"Entity" is a word for some kind of proper noun - a person, place, or thing. The "thing" could be an organization such as Lexalytics, a product, such as an iPhone, or any other type of thing you need to track. Recognizing that a word or phrase is a particular type of thing is called entity recognition. Entity recognition is different from using searches to find particular entities, because entity recognition finds them without you having to specify the particular ones you want. For instance, entity recognition allows you to ask questions like "What companies I am not currently tracking are being mentioned along with mine?"
Lexalytics provides two ways to recognize entities. We find them out of the box by ourselves, and you can also import your own dictionary of entities for us to find. Perhaps you have a list of SKUs you need to track, or you want to recognize hotel amenities (swimming pool, front desk and so on) as entities. You can import these, and you can use our query syntax (AND, OR, NOT, NEAR, WITH) to define them.
We also support normalization. This is something done to roll variations of entities together. For instance, companies are sometimes mentioned by their full legal name (Cisco Systems, Inc), sometimes by their bare name (Cisco) and sometimes by something else entirely, like their stock ticker symbol (CSCO). For reporting purposes, you want all of these to be treated as the same entity - its not really relevant if someone used the stock ticker vs the name.
Finally, you can label an entity as a different type if you so choose. Instead of using a type of "company" for your competitors, perhaps you want to label them all as "competitors" instead so you can easily find all competitors in your report.

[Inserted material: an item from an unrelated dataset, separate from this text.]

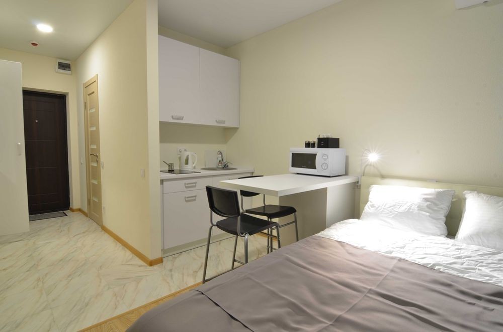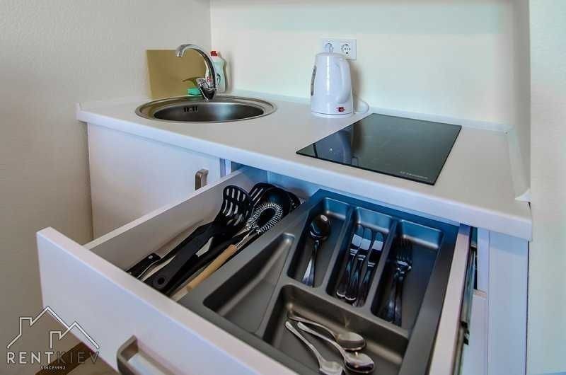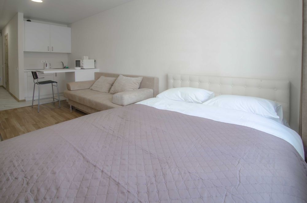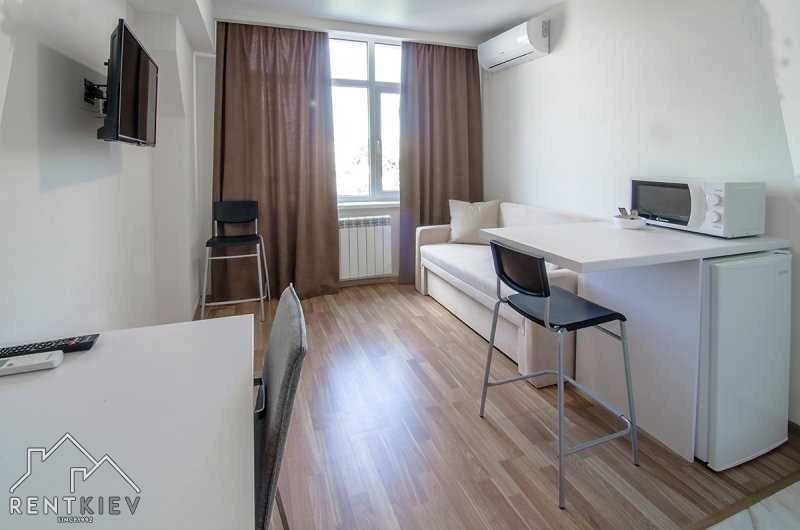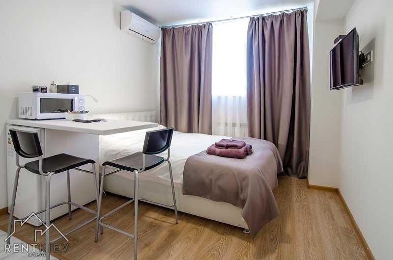 Подобова оренда однокімнатної квартири - студії в Києві. Погодинно квартира не здається! Солом'янський район, масив Шулявка, вулиця Машинобудівна 41, ЖК "Смартхаус". Біля метро "Берестейська" (можна пішки 12-15хв) Квартири на 4-9 поверхах в сучасному 13-ти поверховому будинку з ліфтами ви можете орендувати охайну, комфортну і чисту ізольовану 1-кімнатну квартиру, з цілодобовою охороною. Біля будинку є загальна безкоштовна парковка. На першому поверсі вільний вхід в бомбосховище. Звертайте увагу на те, що є квартири з одним ліжком, а є з ліжком і диваном. При замовленні вказуйте яка квартира вас цікавить і на які дати. В квартирі може розміститися від 2-х до 4-х гостей на двоспальному ліжку та зручному розкладному дивані. У нас обов'язково біла та чиста постіль після прачечної, свіжі рушники, подушки та ковдри. У кімнаті є шафа для одягу, письмовий та кухонні столи, етажерка, дзеркало, передпокій. При оренді подобово вам безкоштовно буде надано доступ до Інтернету. В квартирі є кондиціонер, автономне опалення, гаряча вода. Це дозволить вам створити комфортні умови для проживання. Телевізор смарт, але в деяких квартирах без ютубу. Ванна кімната з душовою. Є пральна машина, електрична сушка для рушників, вішалка для білизни, фен, праска, прасувальна дошка. При добовій оренді надаються мило, шампуні, рушники, туалетний папір. В кухні - холодильник з морозильною камерою, мікрохвильова пічка, електрочайник, каструлі, сковорідка, приладдя для готування їжі. При короткотривалій оренді ви знайдете каву, чай для безкоштовного користування. Балкона в квартирі немає. На стелі встановлено датчики диму, тому палити категорично заборонено. Про всяк випадок є вогнегасник. Місце для куріння є на поверсі (загальний балкон). В будинку здаються декілька квартир в одному підїзді і за бажання ви можете орендувати декілька однотипних квартир. Вартість вказана за добу оренди двохмістної квартири з 14.00 до 12.00 при оренді більше п'яти діб. Оренда на одну добу від 900 грн. Для бронювання квартири на конкретні дати, необхідно робити предоплату. Квартира вважається заброньованою лише після оплати. При необхідності видаю пакет документів на відрядження (фоп2, фоп3). За бажанням оренду можна сплатити кредитною карткою або безготівково. Також забронювати квартиру можна на сайті rentapartment.kiev.ua вказавши дати заїзду та виїзду. Зверніть увагу на те, що доба рахується з 14:00 до 12:00 незалежно від часу заселення. Заселитися в квартиру можна цілодобово, але незалежно від часу заселення, час виїзду до 12:00. Звертайте на це увагу при плануванні поїздки.

Entity names are returned to you in the output, along with their type, their label, the normalized form, whether they were found by us or defined by you, their sentiment, themes, and the number of times they were mentioned. Sometimes multiple mentions of an entity are found and linked together. This happens a lot for people - the first mention might be President Barack Obama, but the second mention is just Obama, and the third is the pronoun "he." We link those together and report the longest mention - President Barack Obama - as the name of the entity, along with three mentions. By default we don't report each individual mention back to you in Semantria, but that can be enabled if desired.